--- START ---

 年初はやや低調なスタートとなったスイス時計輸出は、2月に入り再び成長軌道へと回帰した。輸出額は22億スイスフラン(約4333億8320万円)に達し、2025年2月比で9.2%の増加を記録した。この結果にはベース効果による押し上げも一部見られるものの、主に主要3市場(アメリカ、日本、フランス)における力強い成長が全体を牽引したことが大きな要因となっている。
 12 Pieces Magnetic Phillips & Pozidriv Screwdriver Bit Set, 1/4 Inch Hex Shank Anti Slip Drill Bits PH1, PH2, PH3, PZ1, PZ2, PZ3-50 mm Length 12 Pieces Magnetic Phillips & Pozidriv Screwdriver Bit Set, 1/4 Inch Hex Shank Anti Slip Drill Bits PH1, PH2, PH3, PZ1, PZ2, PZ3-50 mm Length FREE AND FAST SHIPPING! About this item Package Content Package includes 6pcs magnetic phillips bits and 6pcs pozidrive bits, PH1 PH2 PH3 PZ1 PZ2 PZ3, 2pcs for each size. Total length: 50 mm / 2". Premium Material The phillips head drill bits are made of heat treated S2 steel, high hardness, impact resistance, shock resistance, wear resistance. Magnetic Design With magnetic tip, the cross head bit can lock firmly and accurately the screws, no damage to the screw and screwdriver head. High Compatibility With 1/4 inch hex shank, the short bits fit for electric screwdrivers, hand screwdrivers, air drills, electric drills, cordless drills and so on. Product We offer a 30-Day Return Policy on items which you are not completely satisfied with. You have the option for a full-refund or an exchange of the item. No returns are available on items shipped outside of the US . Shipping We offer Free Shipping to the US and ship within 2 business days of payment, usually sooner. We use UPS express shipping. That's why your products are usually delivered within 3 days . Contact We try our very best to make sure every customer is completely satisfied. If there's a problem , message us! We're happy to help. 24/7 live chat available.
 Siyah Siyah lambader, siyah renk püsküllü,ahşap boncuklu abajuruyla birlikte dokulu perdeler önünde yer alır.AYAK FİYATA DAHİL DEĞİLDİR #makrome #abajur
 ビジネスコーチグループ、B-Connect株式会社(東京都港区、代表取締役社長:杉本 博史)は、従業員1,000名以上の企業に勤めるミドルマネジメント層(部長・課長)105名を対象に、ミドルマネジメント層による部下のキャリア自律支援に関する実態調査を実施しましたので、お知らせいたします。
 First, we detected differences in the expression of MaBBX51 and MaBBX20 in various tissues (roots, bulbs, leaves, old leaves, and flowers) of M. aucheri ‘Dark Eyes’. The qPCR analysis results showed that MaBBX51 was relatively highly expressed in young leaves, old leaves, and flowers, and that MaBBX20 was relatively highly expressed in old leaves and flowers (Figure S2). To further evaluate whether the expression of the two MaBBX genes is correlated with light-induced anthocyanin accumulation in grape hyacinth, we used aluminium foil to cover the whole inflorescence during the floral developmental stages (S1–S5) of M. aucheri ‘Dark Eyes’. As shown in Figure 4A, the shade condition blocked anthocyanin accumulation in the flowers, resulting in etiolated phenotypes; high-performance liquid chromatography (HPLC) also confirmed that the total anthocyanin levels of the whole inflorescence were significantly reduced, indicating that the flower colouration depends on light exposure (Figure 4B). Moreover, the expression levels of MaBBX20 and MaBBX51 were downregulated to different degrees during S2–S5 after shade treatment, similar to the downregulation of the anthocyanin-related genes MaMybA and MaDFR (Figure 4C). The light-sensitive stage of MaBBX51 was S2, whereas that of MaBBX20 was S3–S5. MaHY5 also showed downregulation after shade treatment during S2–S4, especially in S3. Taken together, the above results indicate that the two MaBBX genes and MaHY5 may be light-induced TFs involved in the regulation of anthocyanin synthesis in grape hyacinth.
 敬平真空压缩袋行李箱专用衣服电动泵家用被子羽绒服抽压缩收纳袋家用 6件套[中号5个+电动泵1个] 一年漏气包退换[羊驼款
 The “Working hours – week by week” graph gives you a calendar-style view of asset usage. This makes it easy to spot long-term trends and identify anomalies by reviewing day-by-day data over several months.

--- END ---
--- START ---

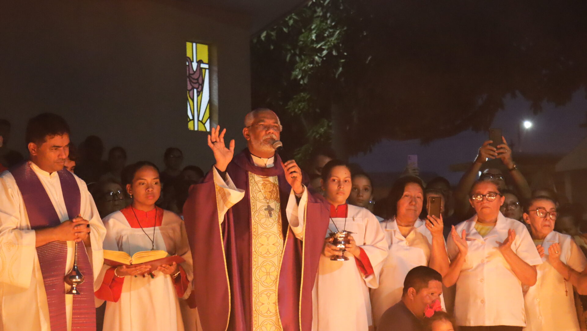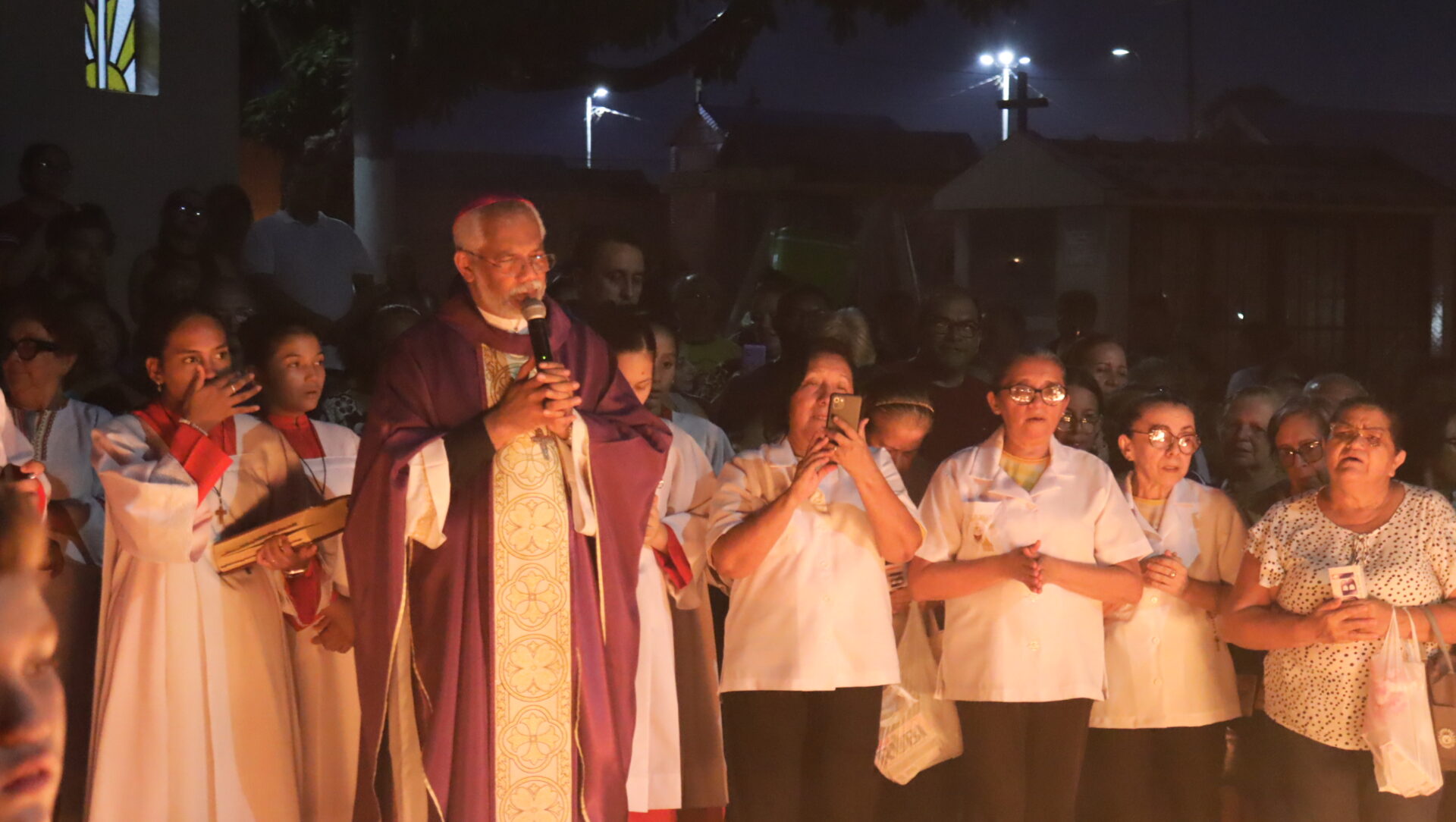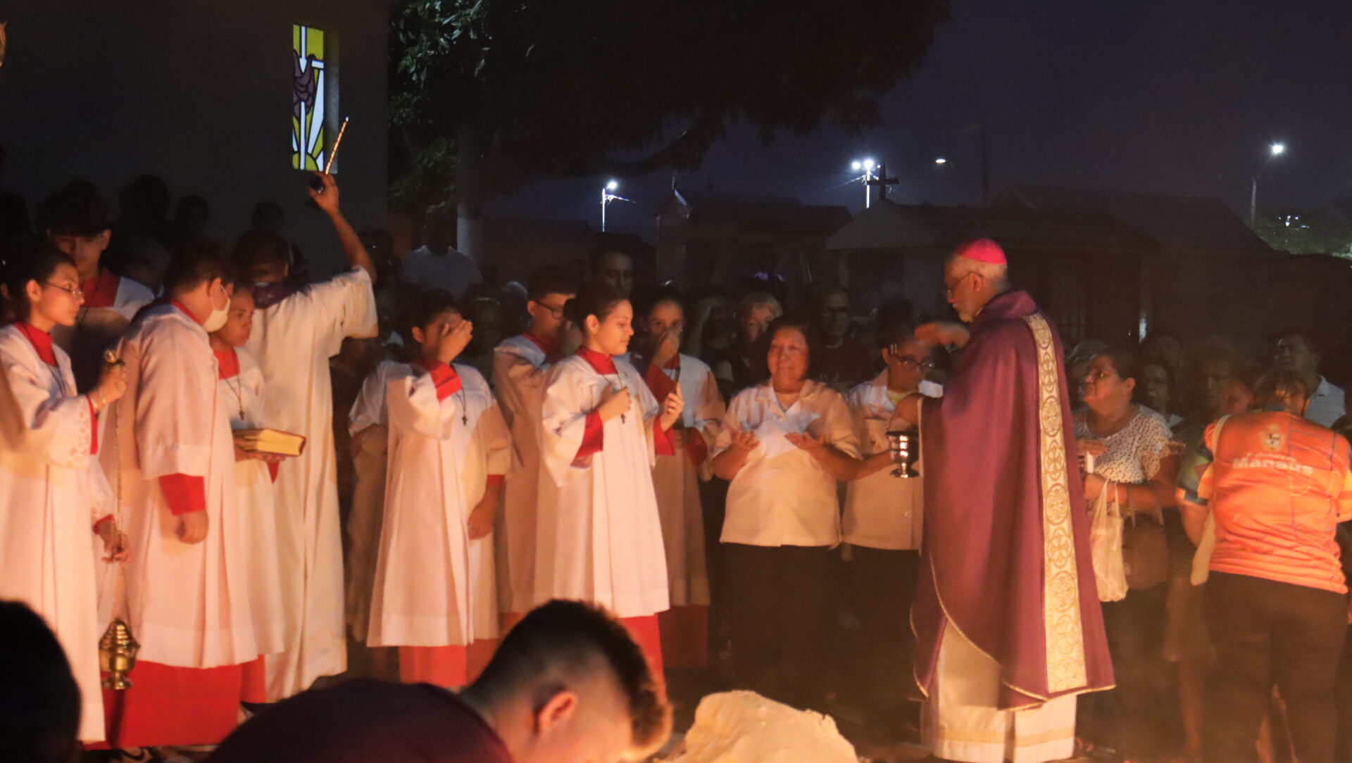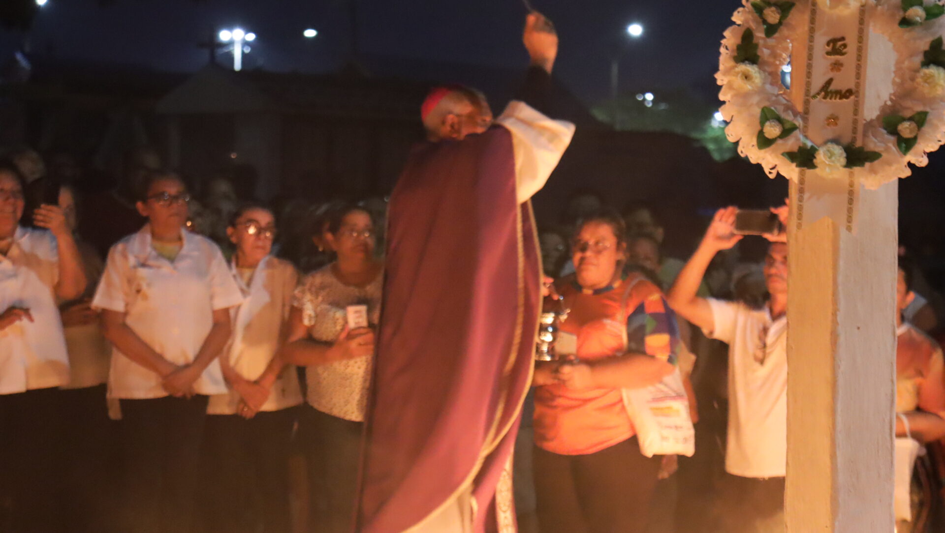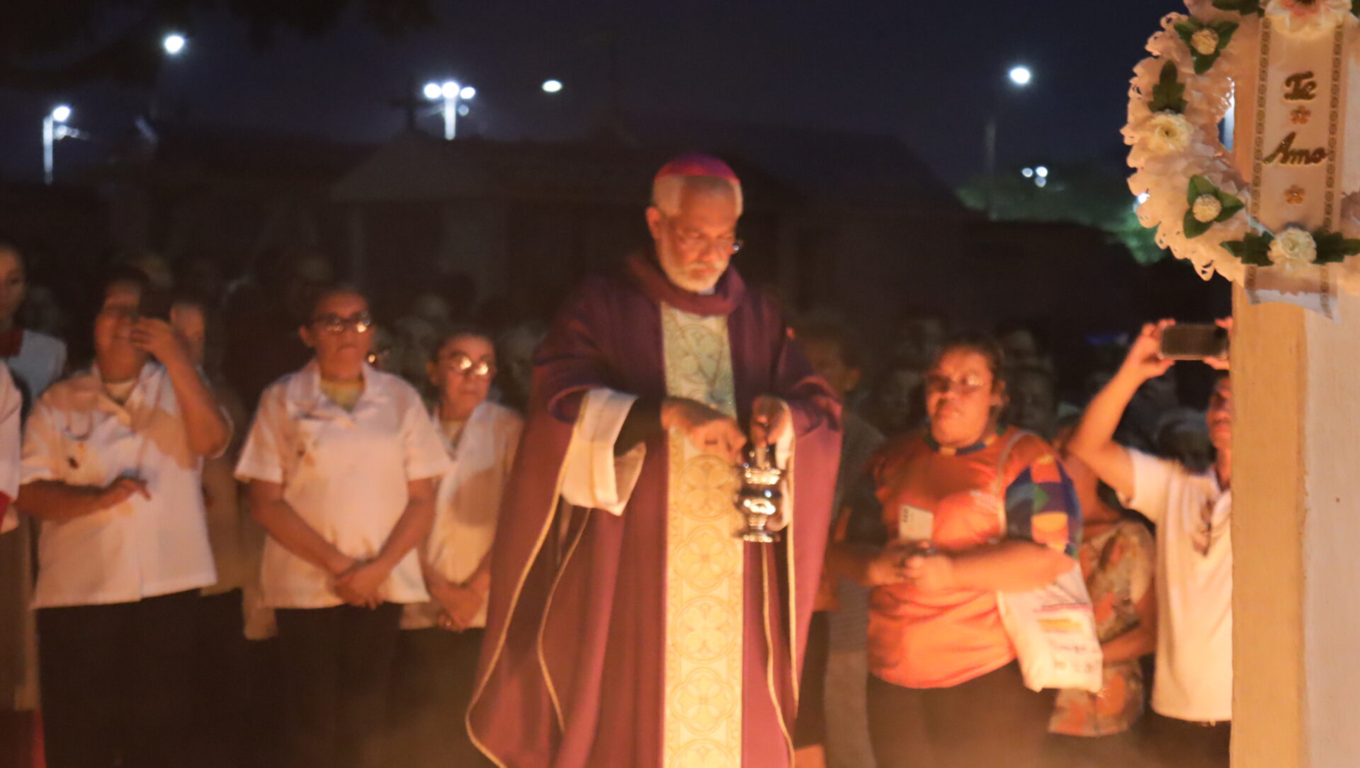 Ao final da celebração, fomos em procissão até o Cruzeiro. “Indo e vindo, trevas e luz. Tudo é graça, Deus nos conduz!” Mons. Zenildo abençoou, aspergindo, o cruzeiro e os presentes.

--- END ---
--- START ---

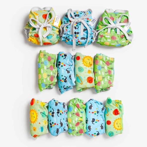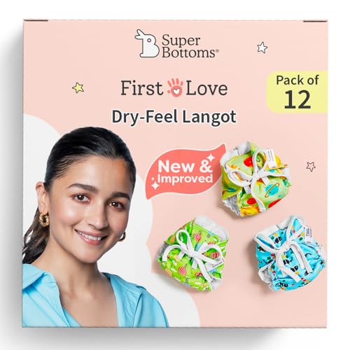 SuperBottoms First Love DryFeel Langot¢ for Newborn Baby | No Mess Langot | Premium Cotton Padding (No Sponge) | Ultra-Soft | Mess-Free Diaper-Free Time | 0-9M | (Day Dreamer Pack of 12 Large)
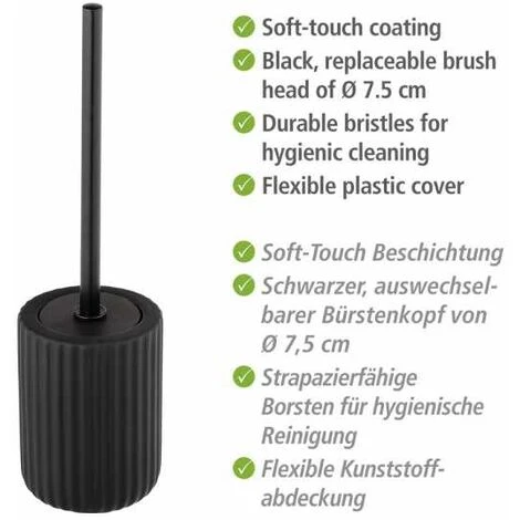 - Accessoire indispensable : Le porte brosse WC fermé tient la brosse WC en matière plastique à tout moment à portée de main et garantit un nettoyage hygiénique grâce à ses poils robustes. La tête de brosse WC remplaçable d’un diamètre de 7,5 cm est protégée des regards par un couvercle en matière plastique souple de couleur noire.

--- END ---

Reproduce exactly the stretch of the material above that starts at the line with "Siyah Siyah lambader, siyah" and ends at the line with "ビジネスコーチグループ、B-Connec", both included, and nothing else.

- Answer to this exercise:
 Siyah Siyah lambader, siyah renk püsküllü,ahşap boncuklu abajuruyla birlikte dokulu perdeler önünde yer alır.AYAK FİYATA DAHİL DEĞİLDİR #makrome #abajur
 ビジネスコーチグループ、B-Connect株式会社(東京都港区、代表取締役社長:杉本 博史)は、従業員1,000名以上の企業に勤めるミドルマネジメント層(部長・課長)105名を対象に、ミドルマネジメント層による部下のキャリア自律支援に関する実態調査を実施しましたので、お知らせいたします。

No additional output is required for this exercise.